- Required action
Reproduce word for word the lines from the beginning of the entries to the line with "На изображении три", both included, but none of the pictures.

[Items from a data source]
*** Block opens ***
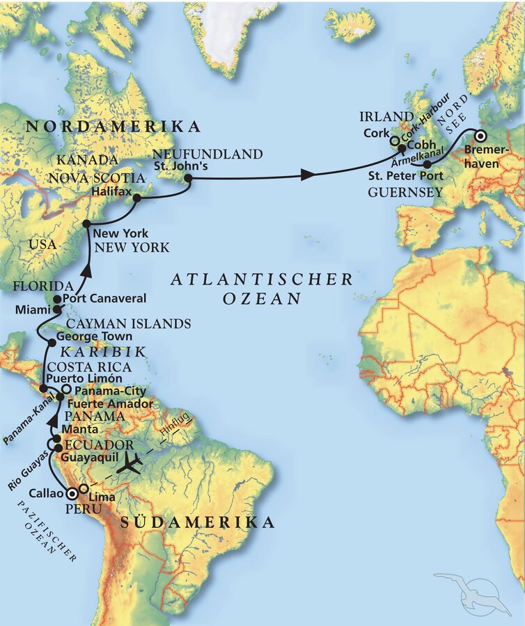 Callao (Lima) - Guayaquil - Panama-Kanal - Puerto Limón - Miami - New York - Halifax - Cobh - Bremerhaven
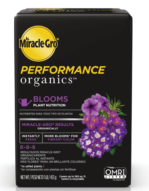 Miracle-Gro Performance Organics Blooms Plant Nutrition is specifically formulated with key nutrients for flowering plants. This OMRI listed plant food instantly feeds flowers in ground and in containers. Apply every 7 days using a watering can or a Miracle-Gro Performance Organics Garden Feeder. This season, enjoy more blooms for vibrant color (vs unfed potted plants) with Miracle-Gro Performance Organics Blooms Plant Nutrition.
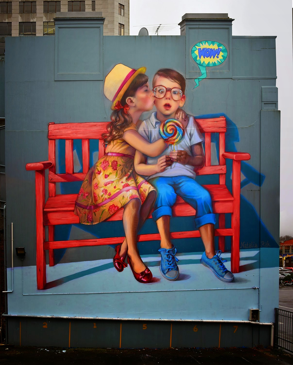 Natalia spent about a week working on this beautiful and cute artwork which is entitled “Love Is In The Air”. The piece shows two young child sat on a red bench, the boy is eating a lollipop while the girl gives him a sweet kiss.
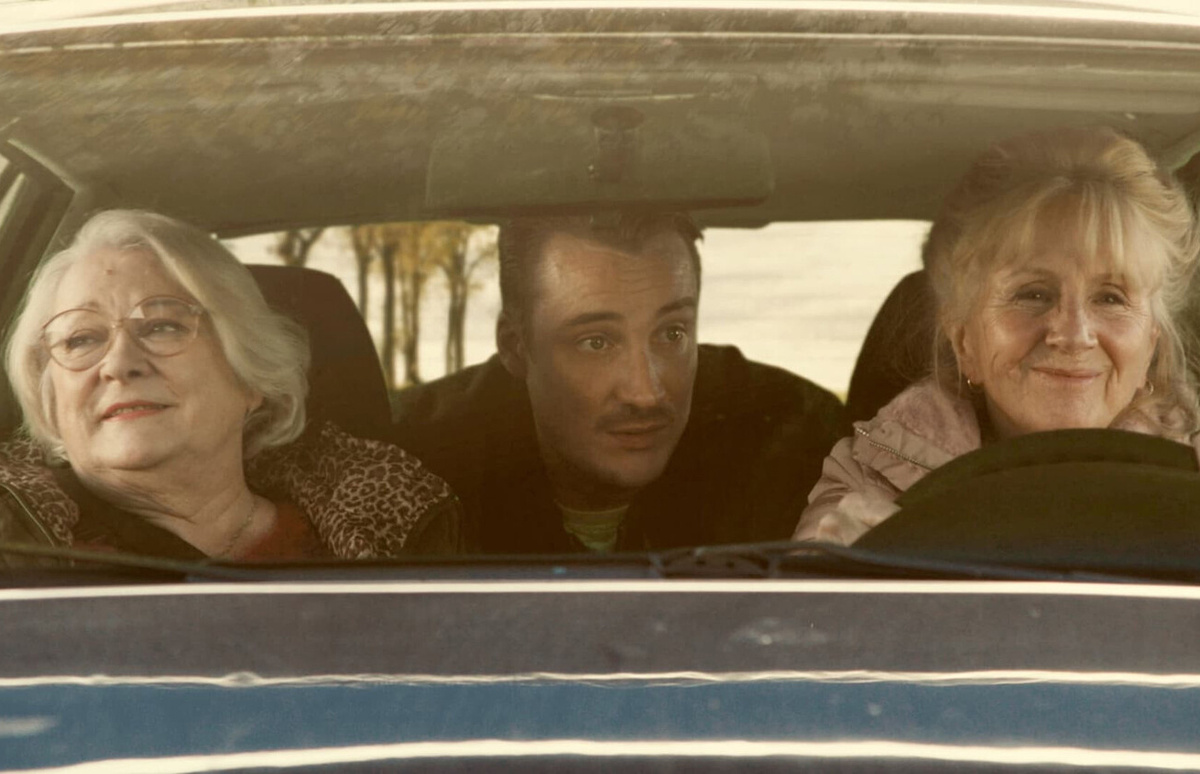 На изображении три человека в автомобиле, который движется по заснеженной дороге. На переднем плане, в центре, сидит мужчина средних лет с задумчивым выражением лица, а по бокам две пожилые женщины. Одна из женщин, сидящая за рулём, выглядит весёлой и спокойной, с улыбкой на лице. Она одета в светлый свитер с шарфом. Другая женщина, на пассажирском сиденье, смотрит в сторону; она носит очки и чёрную накидку. За окном автомобиля виден снежный пейзаж с редкими деревьями. Атмосфера снимка спокойная и немного ностальгическая, как будто герои персонажей отправлены в экзистенциальное путешествие сквозь зимнюю природу. Изображение содержит приятные оттенки зимнего времени и создаёт уютное чувство путешествия в холодный день.
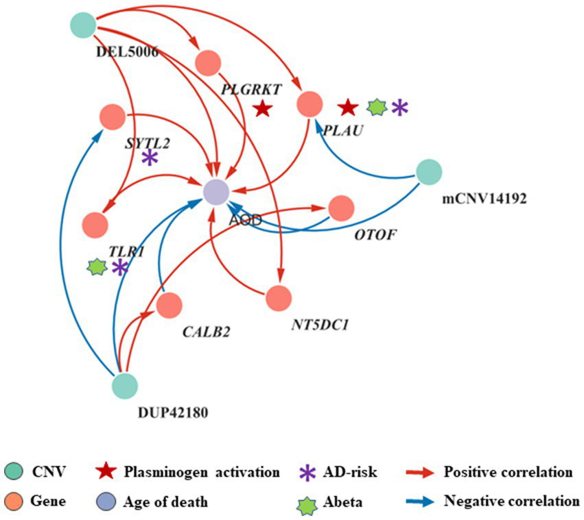 To estimate the likelihood of the two scenarios, we utilized the Causal Inference Test (CIT) (Millstein et al., 2016). We choose the scenario with more significant FDR as the more likely scenario. Eventually, we identified three AOD-correlated CNVs that regulated seven genes and affected AOD, which were used to construct the causality network. The correlation pairs between these genes and CNVs were defined as edges that linked their corresponding nodes in the network. We utilized Cytoscape (version 3.9.1) to visualize the network. In the network diagram, turquoise blue, tangerine pink, and lavender purple circles represent CNVs, genes, and age of death, respectively. The red star symbol indicates the gene that was enriched for the plasminogen activation pathway, while the purple asterisk represents the AD-risk genes. The red and blue edges represent positive and negative correlations, respectively. In the causality network, arrows are used to indicate the direction of causality.
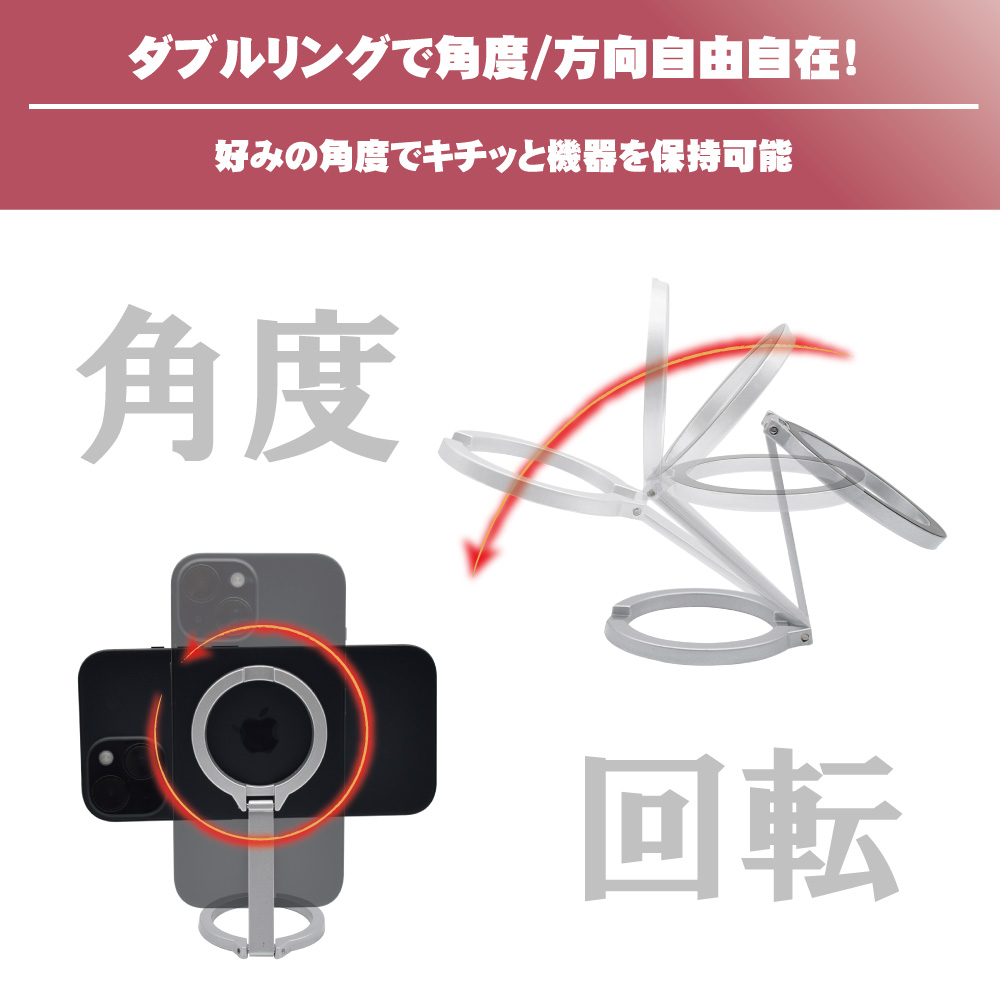 リングを広げてミニマムサイズのマグネットスタンドとして便利。
*** Block closes ***
- Finished exercise
 Callao (Lima) - Guayaquil - Panama-Kanal - Puerto Limón - Miami - New York - Halifax - Cobh - Bremerhaven
 Miracle-Gro Performance Organics Blooms Plant Nutrition is specifically formulated with key nutrients for flowering plants. This OMRI listed plant food instantly feeds flowers in ground and in containers. Apply every 7 days using a watering can or a Miracle-Gro Performance Organics Garden Feeder. This season, enjoy more blooms for vibrant color (vs unfed potted plants) with Miracle-Gro Performance Organics Blooms Plant Nutrition.
 Natalia spent about a week working on this beautiful and cute artwork which is entitled “Love Is In The Air”. The piece shows two young child sat on a red bench, the boy is eating a lollipop while the girl gives him a sweet kiss.
 На изображении три человека в автомобиле, который движется по заснеженной дороге. На переднем плане, в центре, сидит мужчина средних лет с задумчивым выражением лица, а по бокам две пожилые женщины. Одна из женщин, сидящая за рулём, выглядит весёлой и спокойной, с улыбкой на лице. Она одета в светлый свитер с шарфом. Другая женщина, на пассажирском сиденье, смотрит в сторону; она носит очки и чёрную накидку. За окном автомобиля виден снежный пейзаж с редкими деревьями. Атмосфера снимка спокойная и немного ностальгическая, как будто герои персонажей отправлены в экзистенциальное путешествие сквозь зимнюю природу. Изображение содержит приятные оттенки зимнего времени и создаёт уютное чувство путешествия в холодный день.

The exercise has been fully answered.